Prototype railroads rate the pulling capacity in tons, not the number of cars. They have tables showing the tonnage capacity of each class of locomoltive for various parts of route. Besides the raw tractive effort and horsepower, tonnage rating will depend on the nature/extent of grades and curves as well as the desired/anticipated speed.
One thing to keep in mind is that the maximum drawbar pull of an HO scale locomotive not equipped with traction tires is about 25% of its own weight, and many don’t approach that. How that translates into number of cars depends on the rolling quality of the cars, car weight, grades, curves, etc., etc.
I had read that it takes 7 lbs of force to move a ton on railroad trucks, which accounts for friction of the wheels. so, a tractive effort of 50,000 would be able to move 7143 tons. If a loaded hopper, for example, weight 71 tons, then that engine could move a train of 100 hopper cars.

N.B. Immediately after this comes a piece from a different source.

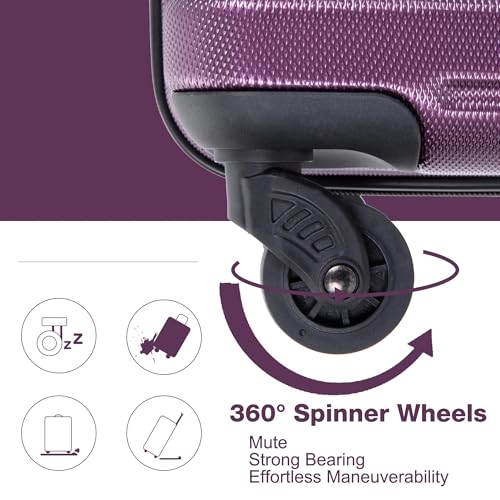Expandable 3-Piece Luggage Set (21", 25", 29"), PC Lightweight & sturdy Suitcase with 360° Spinner Wheels, Two Hooks and TSA Lock, Carry-On & Checked Travel Gear Set (Dark Purple)
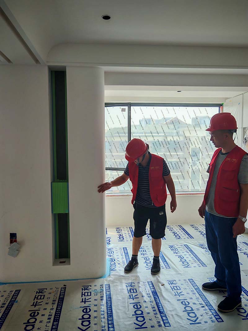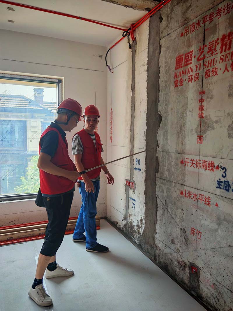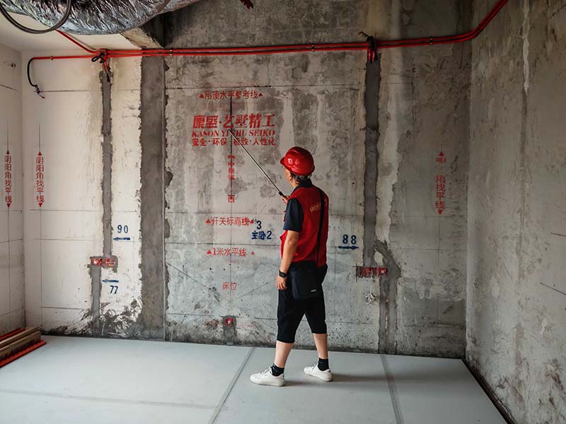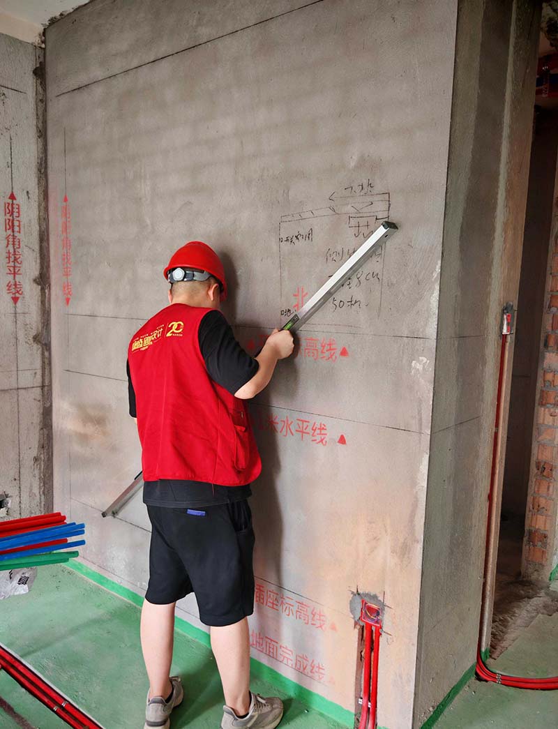 ▲檢查墻面平整度

some trigonometry shows that for a 0.3% grade, 7 additional lbs of force are required to pull tons up the grade. this would double the force needed to pull the car on a flat grade. A 1.05% grade would require 7 + 21, or four times as much. A 2.45% grade would require 8 times.
but my understanding is that many steam locomotives were designed for specific routes. So a particular engine may be suitable to start the train out of the yard and get it up to sufficient speed that it could climb up the maximum grades on a specific route, reaching the peak with just enough speed to carry it over and continue to it’s destination. It doesn’t need to be able to haul an train up a grade from a stand still. And then of course there is helper service and using multiple engines
TE and Adhesion to get the train moving, horsepower to maintain speed. Small 1000HP and under switchers could move lines of cars a larger road loco with 2-3x the horsepower couldn’t get started, but they could only move that cut slowly - perfectly adequate for switching duties, but to get the expedited merchandise over the road quickly needs more horsepower.
Yes there are some other factors, including the fact that many switchers had friction bearings and thus even if they could, wouldn;t have been able to sustain high speeds, etc.
FOr models, unless we are blessed with a barn to build in, we have to scale back our trains anyway. If the prototype ran 50-60 car trains, we might be able to run only 10 to keep the loco from chasing the caboose and to keep the train from spreading across 4 towns. Thus the concept of comign up with a ‘tonnage rating’ based not on the absolute pullign power of the loco but on other factors such as number of cars per axle. Using that formula as an example nets you a 12 car train for a 4 axle diesel. A typical 4 axle loco like a Proto 2000 GP-7 can pull way more than 12 cars, however just liek we have to selectively compress the length of track, we have to selectively compress the length of trains proportionally.
A handy rule of thumb is horsepower per trailing ton (hp/tt). Divide the horsepower by the hp/tt to find the tonnage.
Drag freights generally have 1/2 hp/tt, piggyback trains are in the 2.5 to 4 hp/tt range.
Generally a train can get up a grade the same as its hp/.tt.
As with all things, this isn’t accurate in all cases, its just a rough estimate to gauge tonnage ratings. It was used by prototype railroads.
So a 3000 hp engine at .5 hp/tt would handle 6000 tons. If you put the engine on a 3 hp/tt piggyback train it would only be rated for 1000 tons. If the engine was on a 2% grade it would only be good for 1500 tons.